Money can often mean the difference between being forced to remain in Hong Kong and being allowed to emigrate. Some cash-poor countries in the region have offered themselves as safe havens to Hong Kong Chinese who are wealthy enough to pay the price. The Philippines has designed a special visa that provides citizenship after 10 years and a mini-

mum investment of $200,000 in a depressed area of the country. Singaporean citizenship can be obtained after a five-year wait and a $460,000 investment in an approved industry. Canada also is hoping to reap the benefits of a flight of capital from the colony (page 30).

But Hong Kong’s Chinese are clearly not welcome in Britain. In 1981, shortly before talks on the colony’s future began, the British parliament amended its Nationality Act, removing resident rights for citizens of “dependent territories” such as Hong Kong. Said a senior colonial government official: “Clearly, it would be politically impossible for Britain to absorb three million people from Hong Kong when we already have four million unemployed. If in the year 2020 the whole system is falling apart and people are being persecuted and want to get out, I’m sure Britain would be as sympathetic as anyone else. But that is like asking a woman who is about to get married what she is going to do if her husband starts beating her up.” Overall, the number of people leaving Hong Kong for work, studies or resettlement abroad increased by only five per cent last year, to 22,000. In 1978, by contrast, the figure was 29,000.

Cliché: For the majority who remain in Hong Kong, the challenge is to forge an independent political system strong enough to endure beyond 1997. It is a cliché that the colony’s Chinese population has traditionally shunned government service in favor of making money in business; in reality, until the early 1970s the Chinese were largely shut out of the British-dominated civil service and representative councils. Now, the British are scrambling to introduce a degree of representative politics, which had previously been forbidden. In a policy proposal issued last July the government recommended indirect elections for 24 of the 50 seats on the appointed legislative council. Direct elections were ruled out on the grounds that “we should run the risk of a swift introduction of adversarial politics, and an element of instability at a crucial time.”

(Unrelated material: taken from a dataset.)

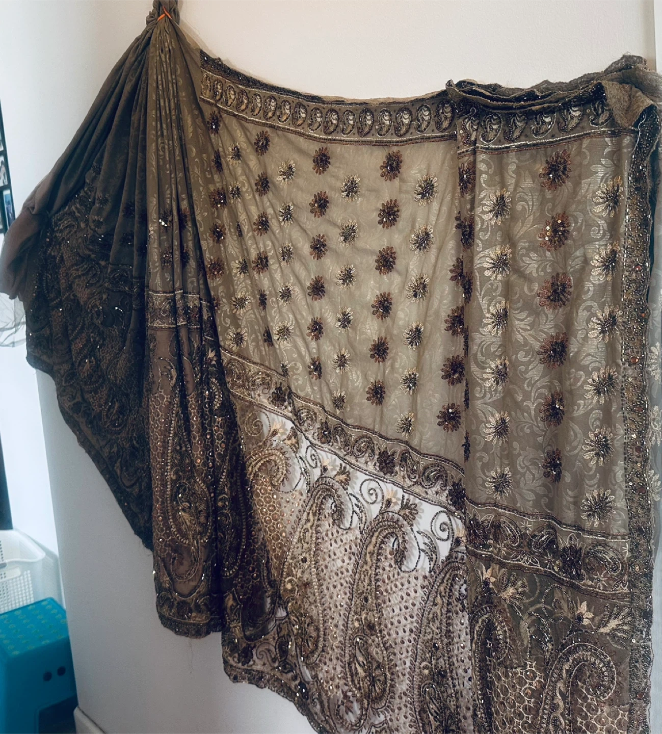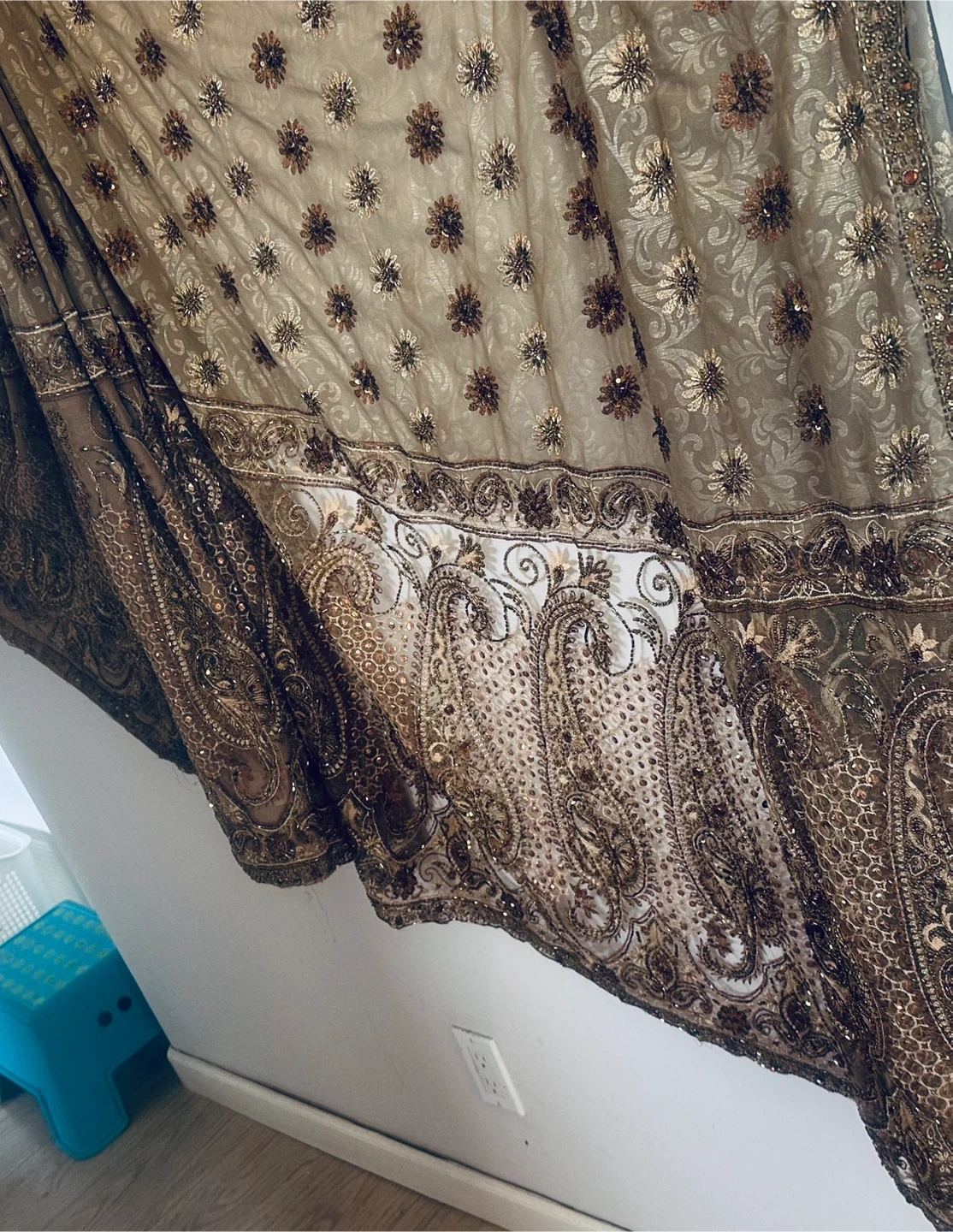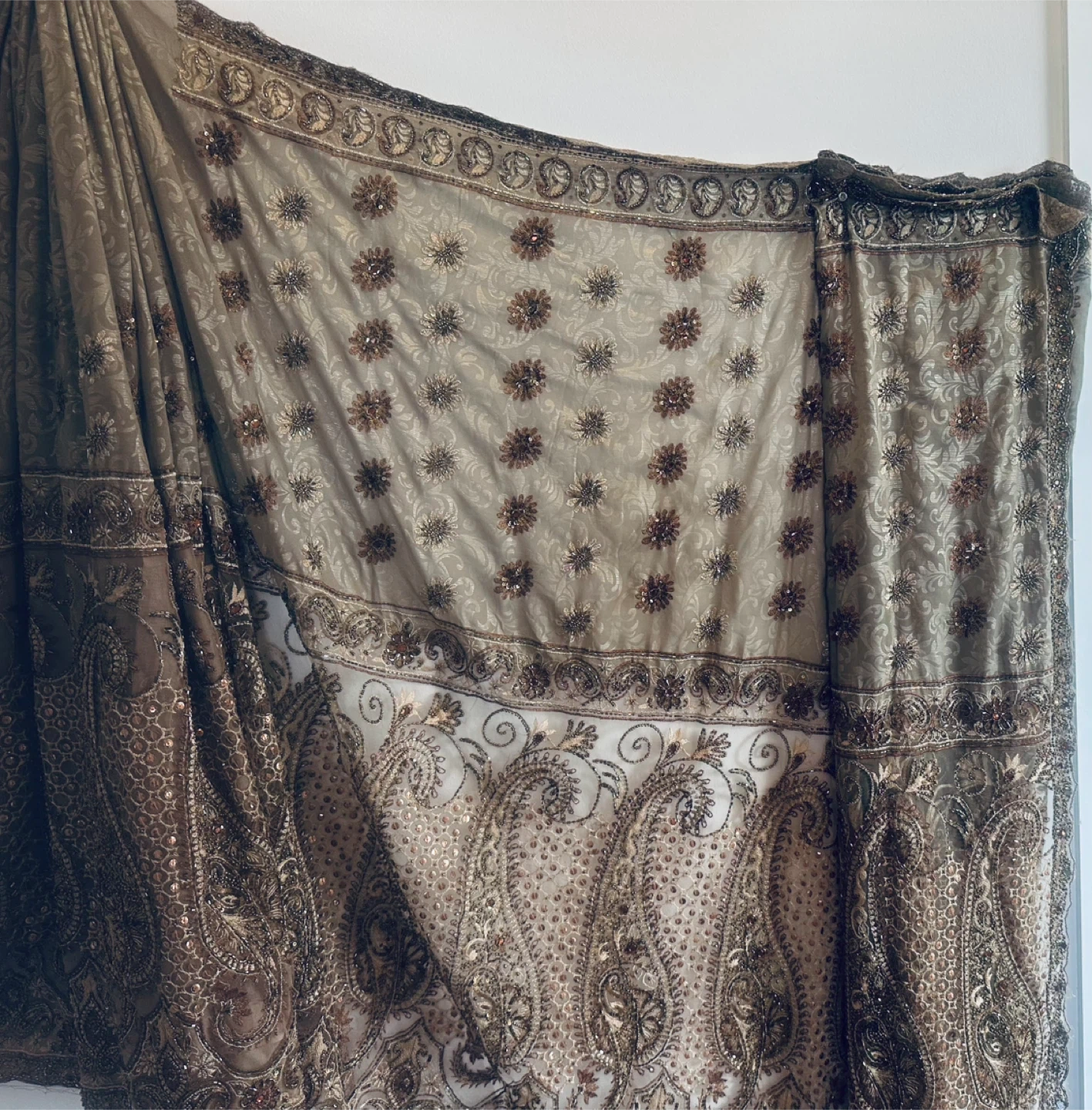 Beautifully embroidered sari with intricate detailing and a unique design. Perfect for special occasions or adding a touch of elegance to your wardrobe beads work & dabka work one time wear

The Chinese seem satisfied with that arrangement. In Peking last week Deng reportedly told a visiting Hong Kong delegation that to ensure stability leftists should comprise only a small minority of the territorial council. The Chinese leader also insisted that the Hong Kong deal would outlive the “old men” who run China. Argued Deng: “Who could change our policies when they are supported by the Chinese people?” For now, most of Hong Kong’s millions have little choice but to believe what he says.